We’re two people who are trying to build new tendencies together so we can have a loving and fulfilling relationship. As I practice building my new skills, it gives him the chance to practice building his, too.

Two Thoughts to close this post out….

Thought One: If just one of us would have had healthier tendencies to bring to the table, we’d have been able to model healthiness for the other person to learn from. We’ve been married for 32 years. We’ve basically grown up together. We just didn’t bring very healthy relationship skills to our marriage.

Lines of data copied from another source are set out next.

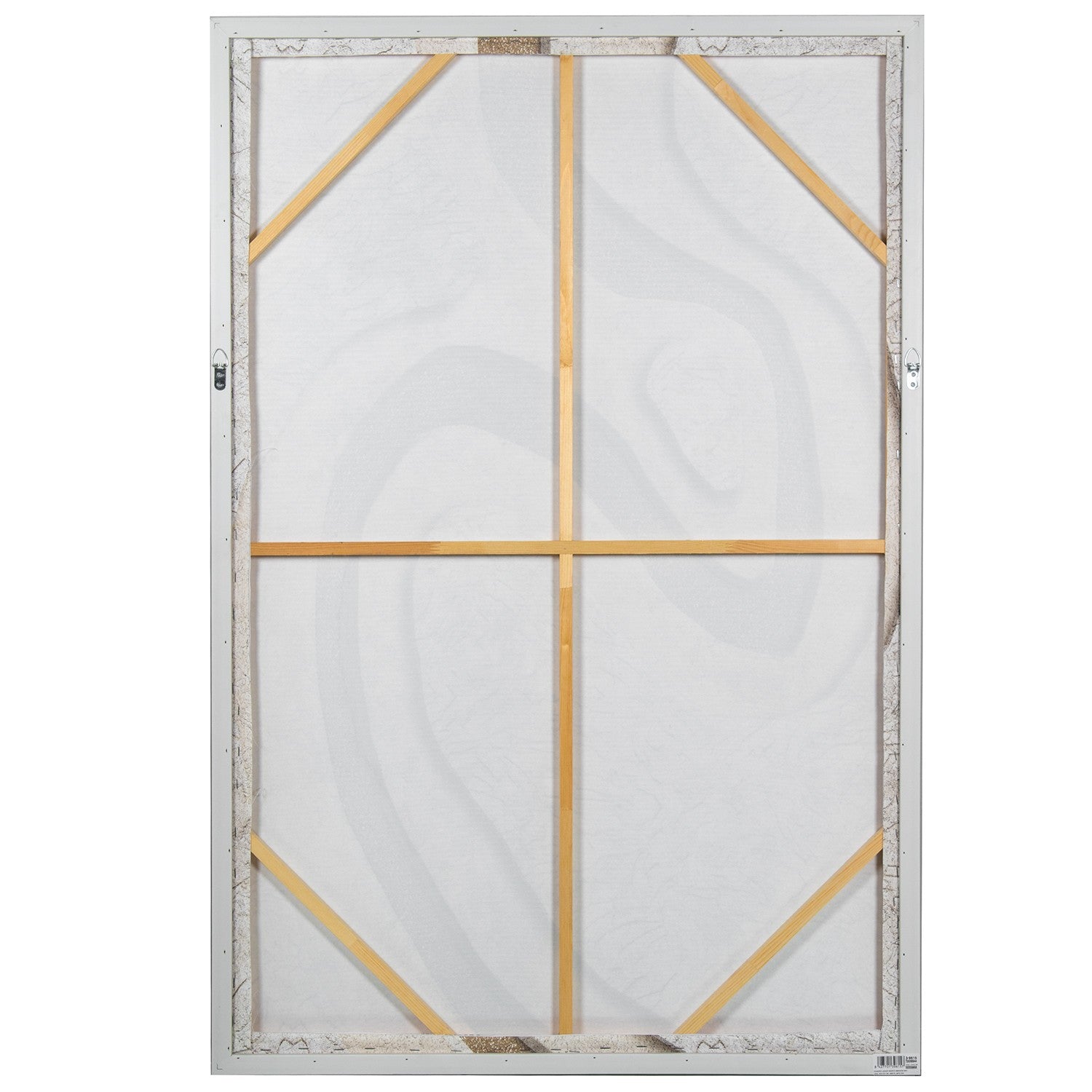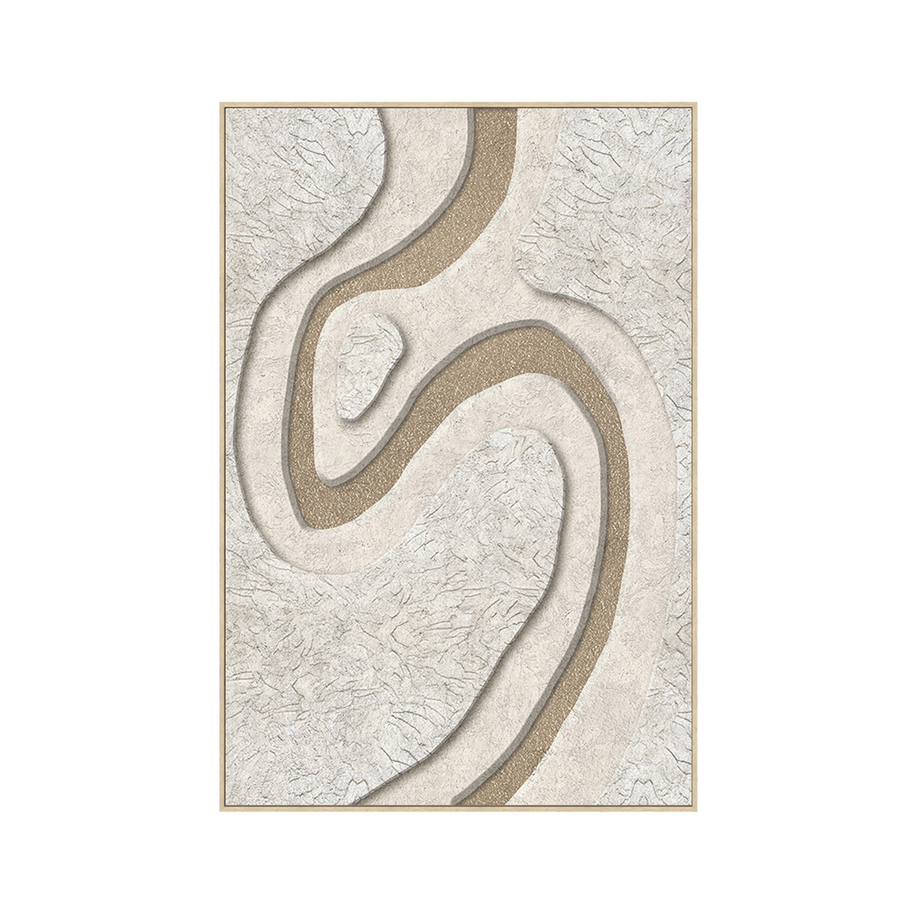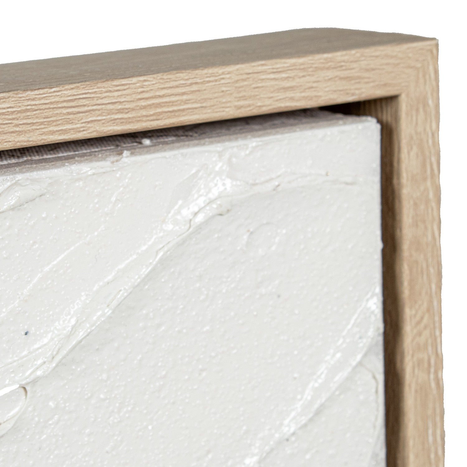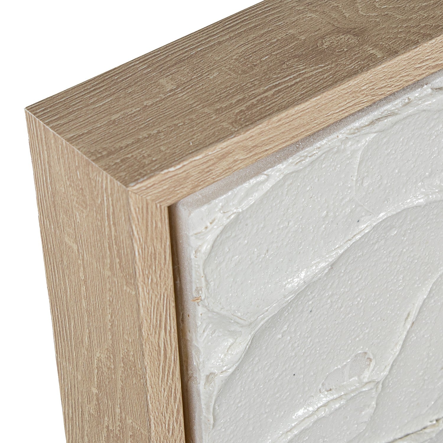 Quadro texturado branco e areia com moldura em madeira 80x120 cm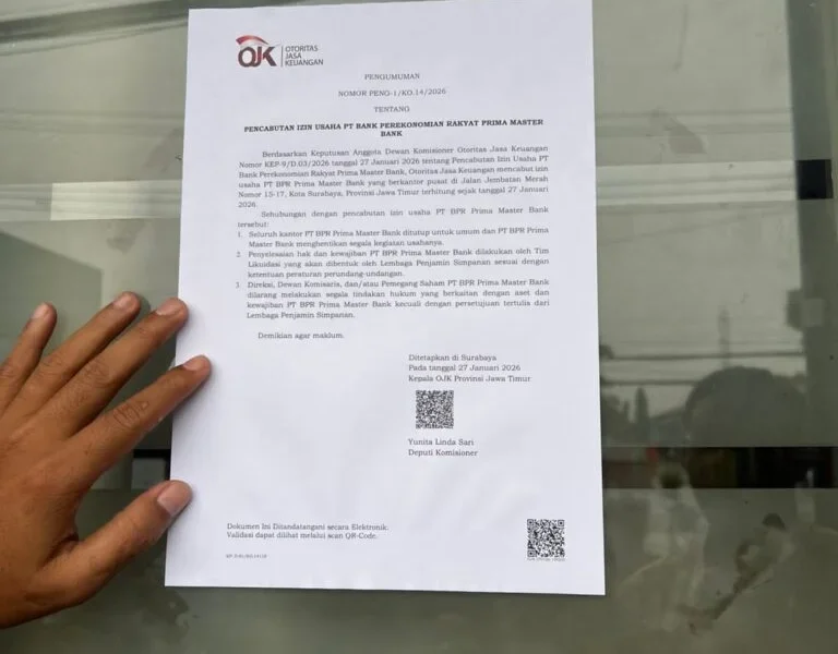 SURABAYA, 27 JANUARI 2026 — Otoritas Jasa Keuangan (OJK) resmi mencabut izin usaha PT Bank Perekonomian Rakyat (BPR) Prima Master Bank yang beroperasi di Jalan Jembatan Merah No. 15–17, Kota Surabaya, Jawa Timur. Keputusan ini tertuang dalam Keputusan Anggota Dewan Komisioner OJK Nomor KEP-9/D.03/2026 tertanggal 27 Januari 2026.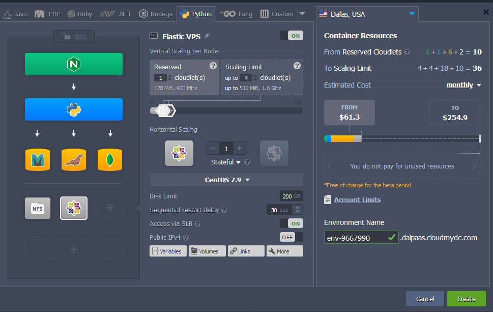 Certified software stacks for Java, PHP, Node.js, Ruby, Python, .NET and Go applications with automated scaling, clustering and updates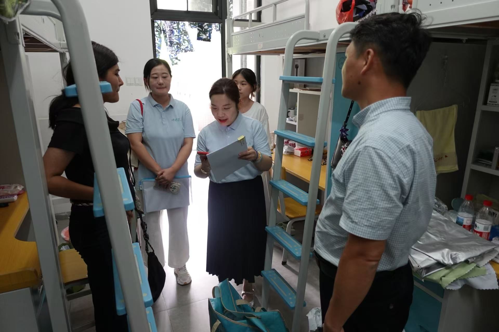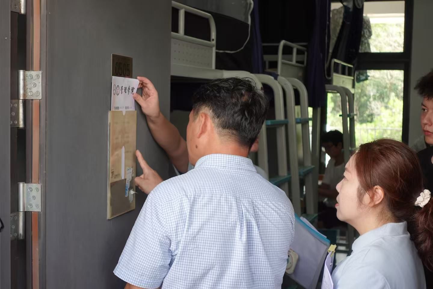 此外,学院领导和老师们还细致检查了宿舍的基础设施,从床铺安全、水电设施到卫生状况,都逐一检查确认,确保同学们居住环境的安全与舒适。领导们还特别强调宿舍安全问题,嘱咐同学们“不使用大功率电器、离开宿舍要断电、保护好个人财产”——这些亲切又温暖的嘱托背后是学院对同学们的深切关怀。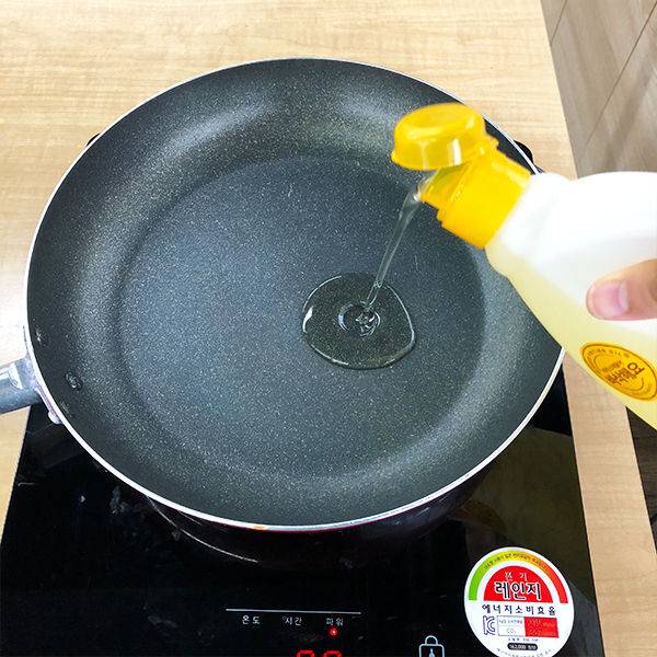 달궈진 팅팅탱탱 프라이뺀에 기름을 넣어주고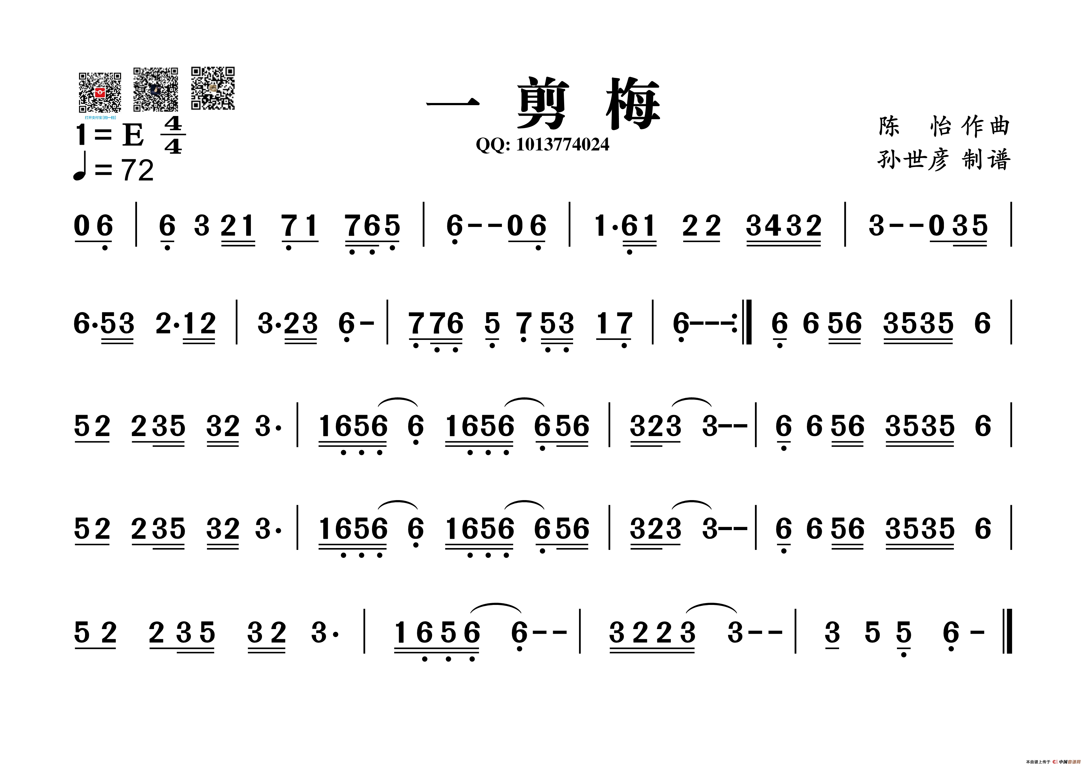 关于《一剪梅》曲谱的评论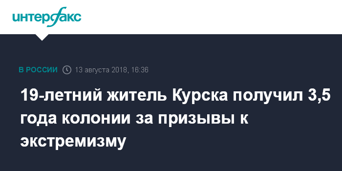 19-летний житель Курска получил 3,5 года колонии за призывы к экстремизму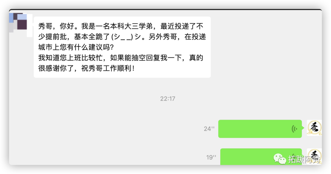 我相信不乏一些,或者说,大多数本科学弟学妹、硕士师弟师妹跟下面的这位学弟是一样的经历,那就是提前批基本没消息或者直接被刷了。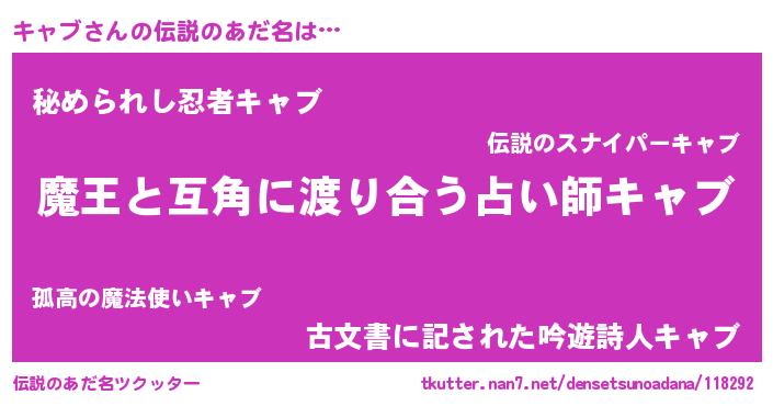 | ヒーロー風カッコイイあだ名 | 『愛の使者キャブ』『仮面キャダー』 |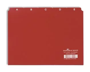 Przekładki do Kartotek A-Z 5/5 PCW 0,3mm Indeksy 40mm Poziome A5 25cz. Czerwone /Durable 365003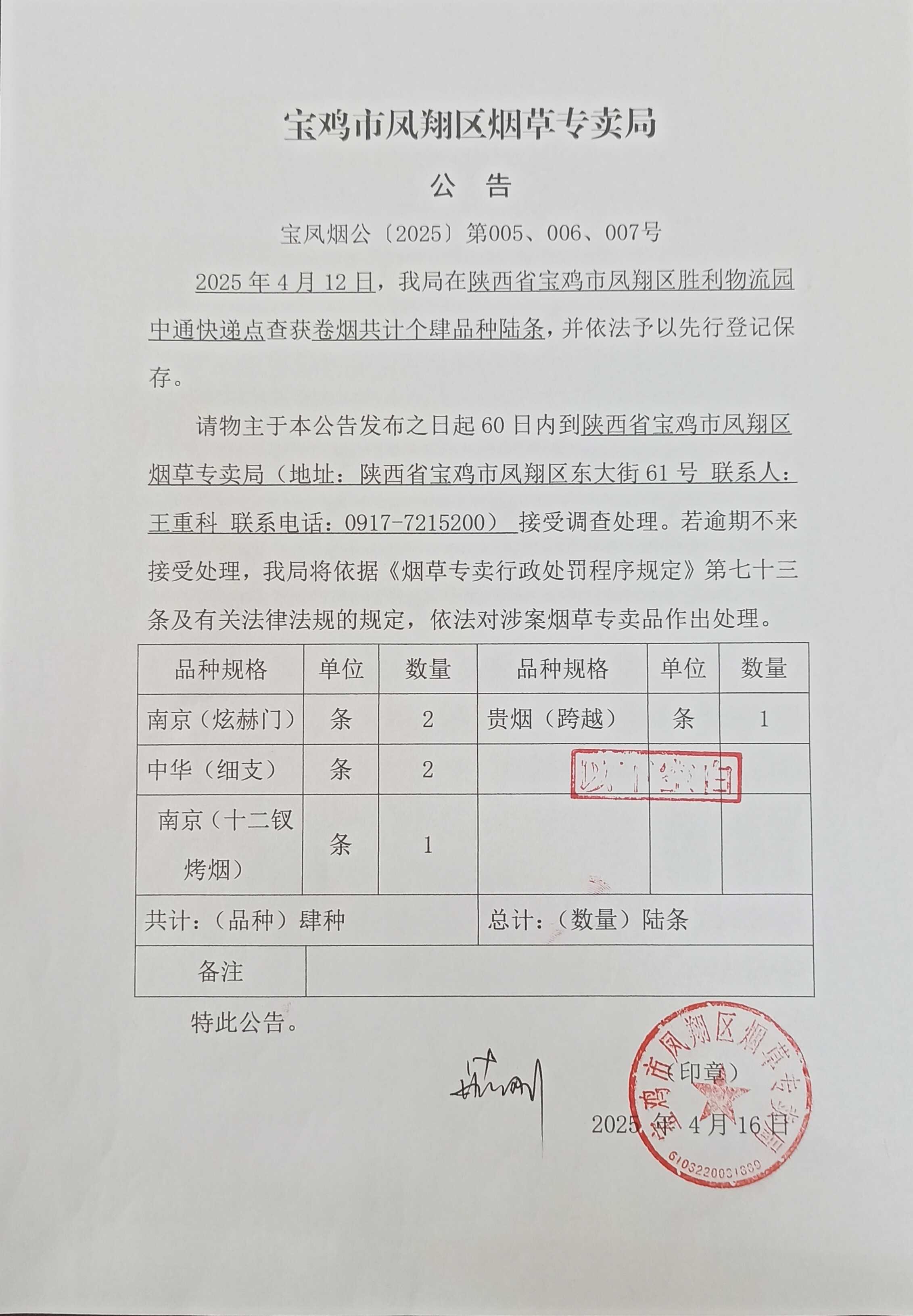 宝鸡市凤翔区烟草专卖局公告 宝凤烟公〔2025〕第005、006、007号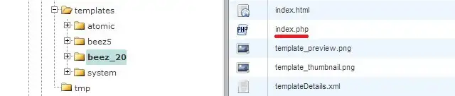 Navigate to: Templates/Your default template/Index.php and open up the index.php file.
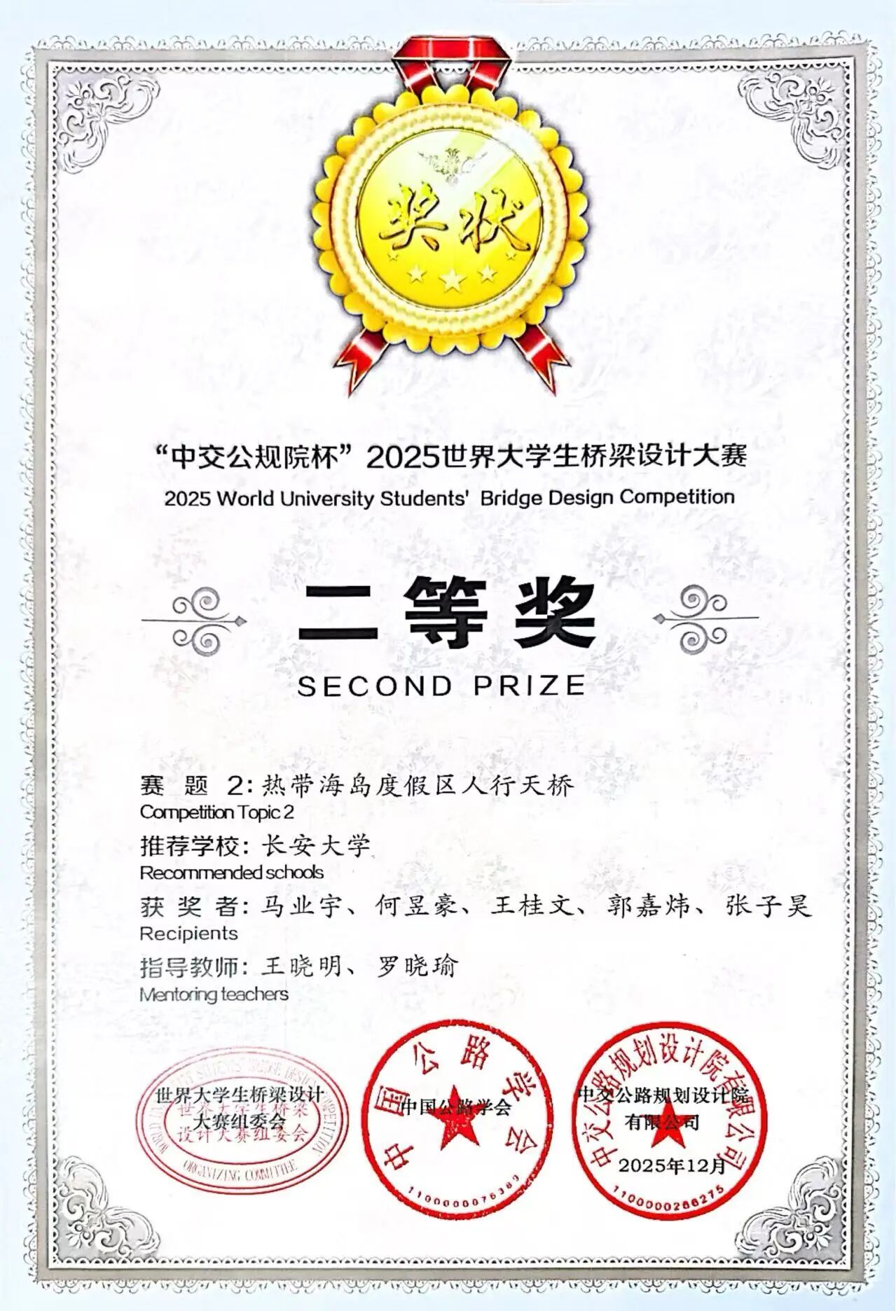 近日,“中交公规院杯”2025世界老员工桥梁设计大赛获奖作品名单正式公布,best365中国官方网站参赛队伍在本届国际赛事中表现突出,获得一等奖1项、二等奖1项,实现公司在该赛事的新突破。

Thought Two: Finding the root cause sounds like I’m just making my own behavior someone else’s fault. That’s really not it. I own my lack of skills. The “root cause” work has helped me understand myself better, understand why I became the person I did, and what internal dialogues I need to change inside myself. It’s really hard work, but it is worth it.

Reminder: I’m not a doctor, counselor, psychologist, or even someone who has been in years of therapy. I’m using my examples as illustrations, and not “how to” for improving someone else’s relationships.